When you transcribe the lines below, keep every word the same and leave the pictures behind.

Extracted data entries
====

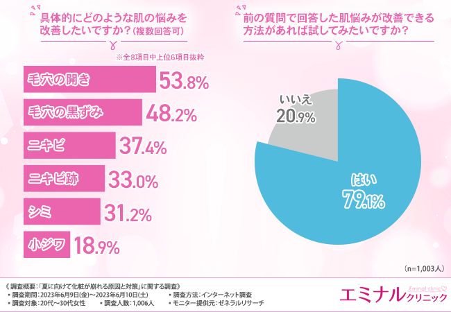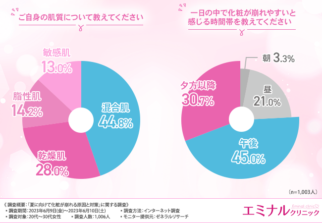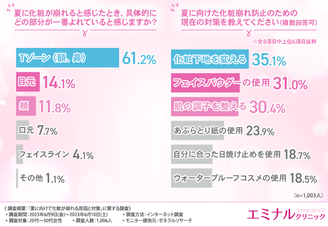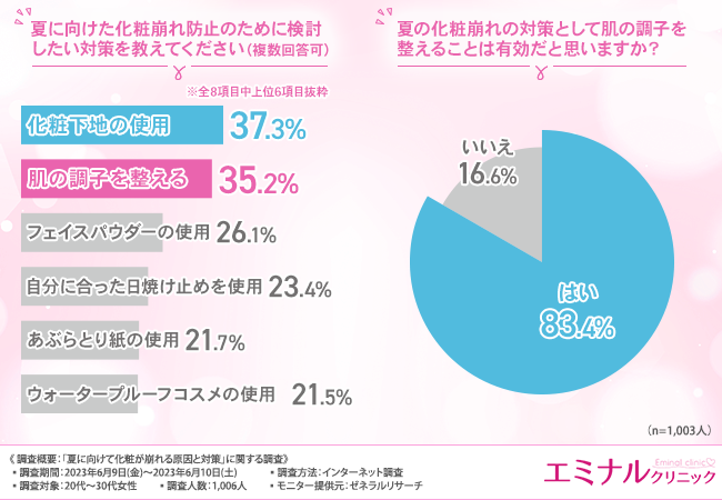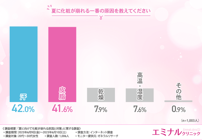 そこで今回、ダーマペンの施術を手掛けるエミナルクリニック(https://eminal-group.jp/dermapen/?refmedia=70039)は、20代〜30代女性を対象に、「夏の化粧崩れの原因と対策」に関する調査を実施しました。
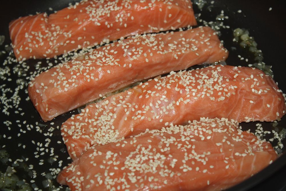 Dans un premier temps, faisons venir l‘échalote préalablement coupé en petit morceau dans un filet d’huile d’olive. Ajoutons les pavés de saumon que nous parsemons de graines de sésames.
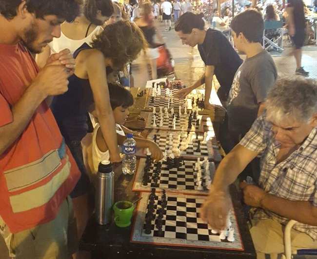 En ese sentido, los profesores Carlos Hospitaleche y Luis Decastelli brindaron clases y partidas simultáneas didácticas, ante la presencia de grandes y chicos que se detuvieron para observar cada movimiento en el tablero.
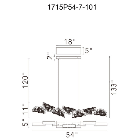 Moon Integrated LED 54in Black Chandelier with Handcrafted Glass
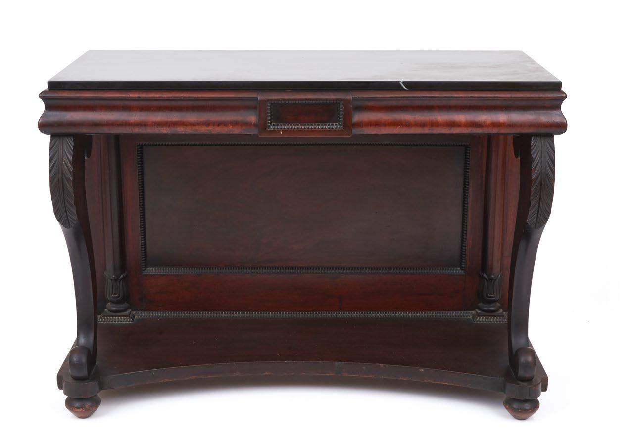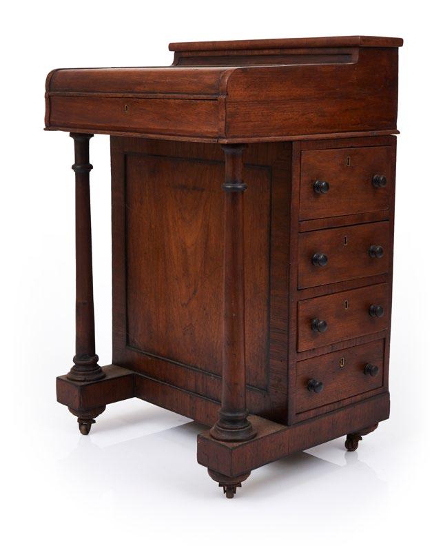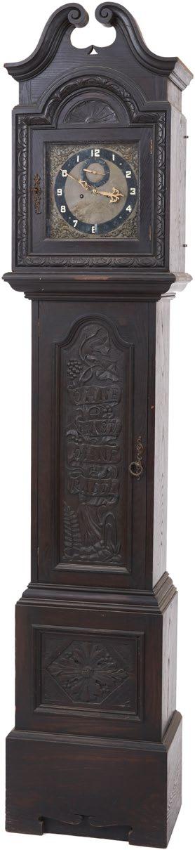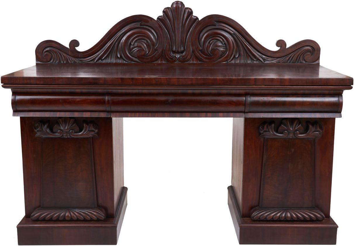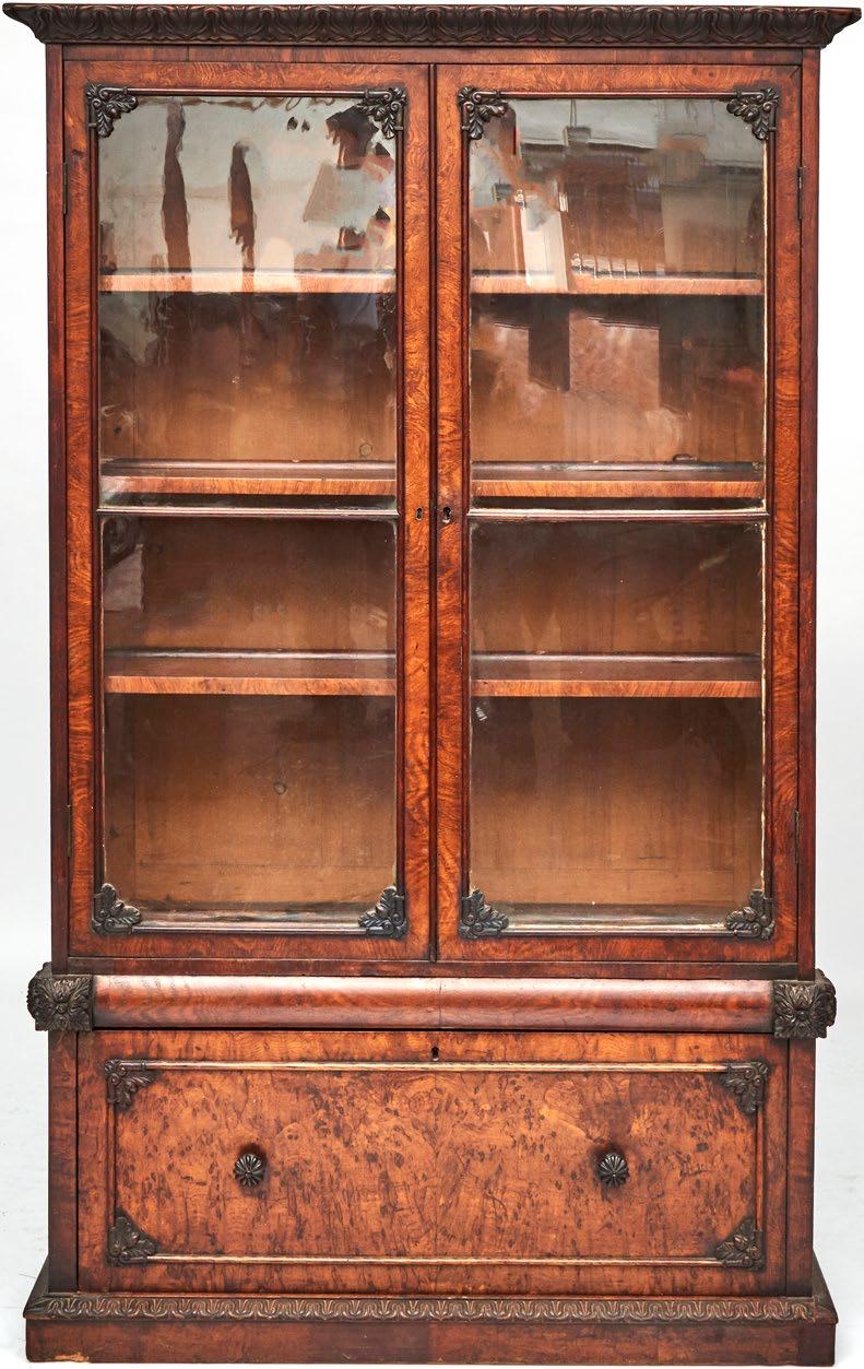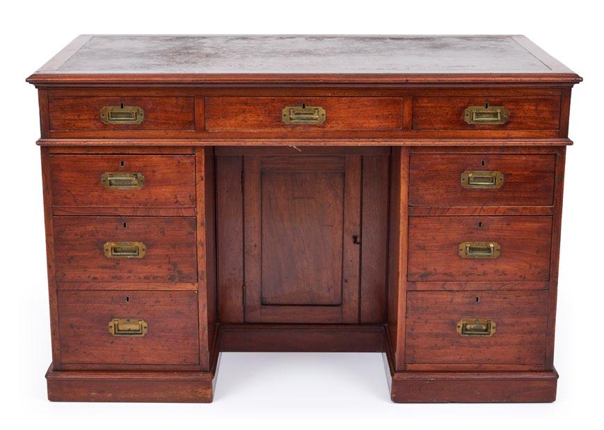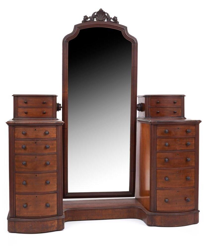 For a pediment carving of almost identical form, refer to the ‘Wallalong Bookcase’ by Hill and Sons illustrated in Australian Furniture Pictorial History and Dictionary 1788-1938, Kevin Fahy and Andrew Simpson, Casuarina Press, Sydney, page 184. It therefore could be suggested that this wardrobe was commissioned for Dr Walter Scott of Wallalong NSW. $2,500–4,000
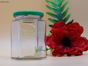 10 oz Hexagon Gourmet Canning Jar. You can put up your best (jam, preserve, jelly, spread, sauce, condiment, etc.) in the same style as the fanciest gourmet specialties! The facets of this jar make for a lovely candle container; and you can saveshelf space since they fit together like a honeycomb. Our wholesale price-points mean you don't have to spend too much time surfing and shopping! This jar takes a 63mm lug (twist-off) lid - choose from our variety of colors to make your product stand out even more!
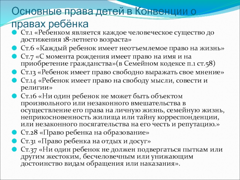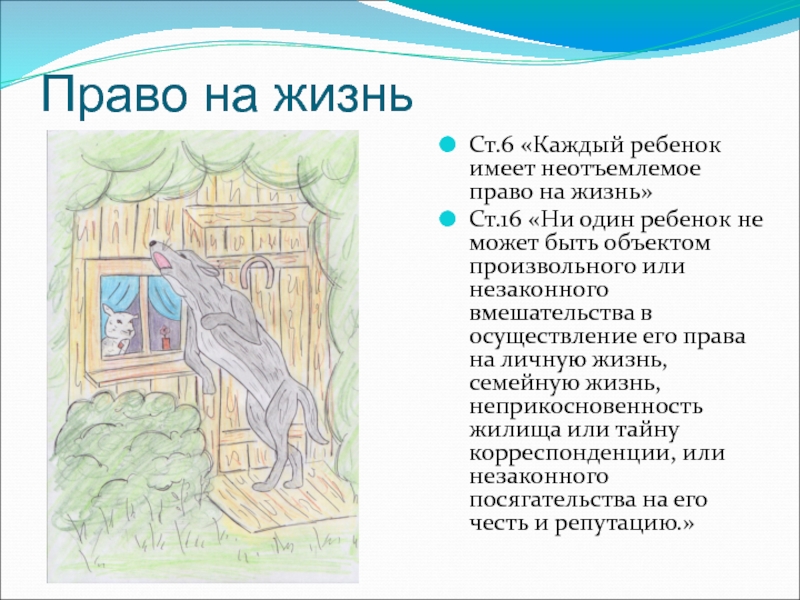 Ст.6 «Каждый ребенок имеет неотъемлемое право на жизнь»
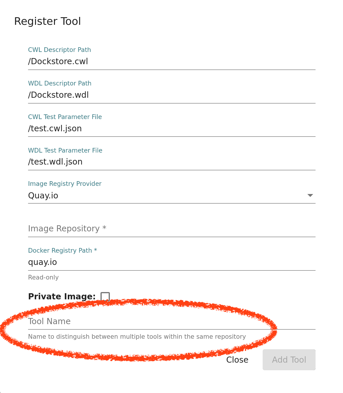 If you registered your tool using the Web UI, you may have filled out the Tool Name field shown in the picture below.
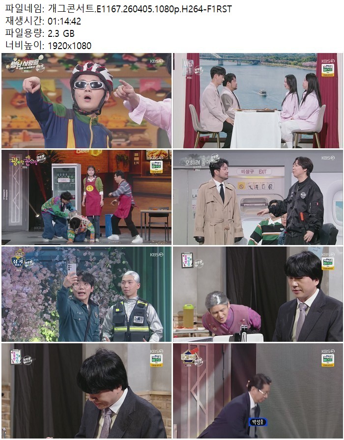 방송/동영상 방송/동영상 개그콘서트.E1167.260405.1080p.H264 디스사랑 2026.04.24 5,979 434 다운로드 추천 434 북마크 공유 다운로드 파일 · 1개 개그콘서트.E1167.260405.1080p.H264-F1RST.mp4 FILE 2.3G 다운로드 TAGS #개그콘서트 #E1167 #H264 #F1RST
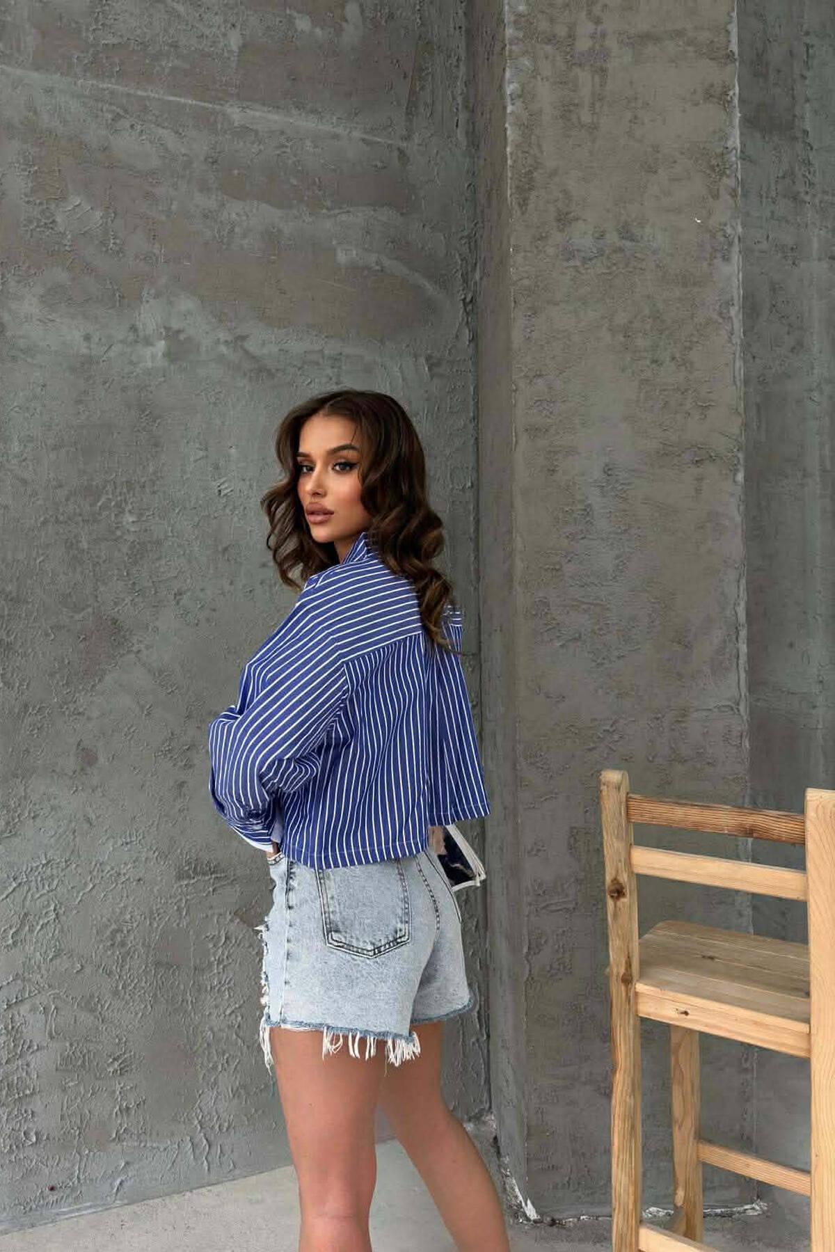 KEMISHE E SHKURTER ME VIJA PER FEMRA NE NGJYRE BLU
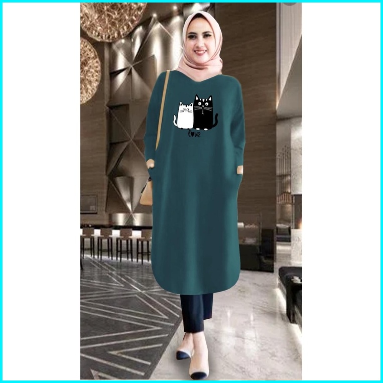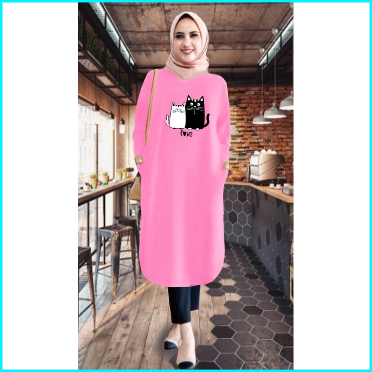 Tunik Wanita Kantong Bahan Babyterry Motip Meow Love
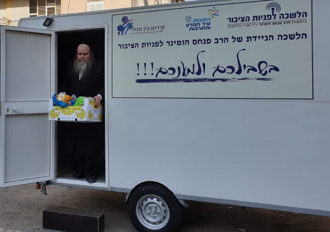 חבר המועצה פנחס הומינר מחסידות קרעטשניף הגיע לפני החג יחד עם הקרוואן שלו לקרית משה ולשכונות נוספות וחילק מצרכים למשפחות נזקקות
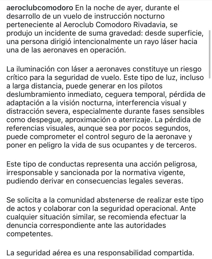 El Aeroclub Comodoro Rivadavia informó que en la noche del sábado una de sus aeronaves fue blanco de un rayo láser mientras desarrollaba un vuelo de instrucción en horario nocturno. Según detallaron, desde tierra una persona habría dirigido intencionalmente el haz de luz hacia el avión en plena operación.

====

Task answer:
 そこで今回、ダーマペンの施術を手掛けるエミナルクリニック(https://eminal-group.jp/dermapen/?refmedia=70039)は、20代〜30代女性を対象に、「夏の化粧崩れの原因と対策」に関する調査を実施しました。
 Dans un premier temps, faisons venir l‘échalote préalablement coupé en petit morceau dans un filet d’huile d’olive. Ajoutons les pavés de saumon que nous parsemons de graines de sésames.
 En ese sentido, los profesores Carlos Hospitaleche y Luis Decastelli brindaron clases y partidas simultáneas didácticas, ante la presencia de grandes y chicos que se detuvieron para observar cada movimiento en el tablero.
 Moon Integrated LED 54in Black Chandelier with Handcrafted Glass
 For a pediment carving of almost identical form, refer to the ‘Wallalong Bookcase’ by Hill and Sons illustrated in Australian Furniture Pictorial History and Dictionary 1788-1938, Kevin Fahy and Andrew Simpson, Casuarina Press, Sydney, page 184. It therefore could be suggested that this wardrobe was commissioned for Dr Walter Scott of Wallalong NSW. $2,500–4,000
 10 oz Hexagon Gourmet Canning Jar. You can put up your best (jam, preserve, jelly, spread, sauce, condiment, etc.) in the same style as the fanciest gourmet specialties! The facets of this jar make for a lovely candle container; and you can saveshelf space since they fit together like a honeycomb. Our wholesale price-points mean you don't have to spend too much time surfing and shopping! This jar takes a 63mm lug (twist-off) lid - choose from our variety of colors to make your product stand out even more!
 Ст.6 «Каждый ребенок имеет неотъемлемое право на жизнь»
 If you registered your tool using the Web UI, you may have filled out the Tool Name field shown in the picture below.
 방송/동영상 방송/동영상 개그콘서트.E1167.260405.1080p.H264 디스사랑 2026.04.24 5,979 434 다운로드 추천 434 북마크 공유 다운로드 파일 · 1개 개그콘서트.E1167.260405.1080p.H264-F1RST.mp4 FILE 2.3G 다운로드 TAGS #개그콘서트 #E1167 #H264 #F1RST
 KEMISHE E SHKURTER ME VIJA PER FEMRA NE NGJYRE BLU
 Tunik Wanita Kantong Bahan Babyterry Motip Meow Love
 חבר המועצה פנחס הומינר מחסידות קרעטשניף הגיע לפני החג יחד עם הקרוואן שלו לקרית משה ולשכונות נוספות וחילק מצרכים למשפחות נזקקות
 El Aeroclub Comodoro Rivadavia informó que en la noche del sábado una de sus aeronaves fue blanco de un rayo láser mientras desarrollaba un vuelo de instrucción en horario nocturno. Según detallaron, desde tierra una persona habría dirigido intencionalmente el haz de luz hacia el avión en plena operación.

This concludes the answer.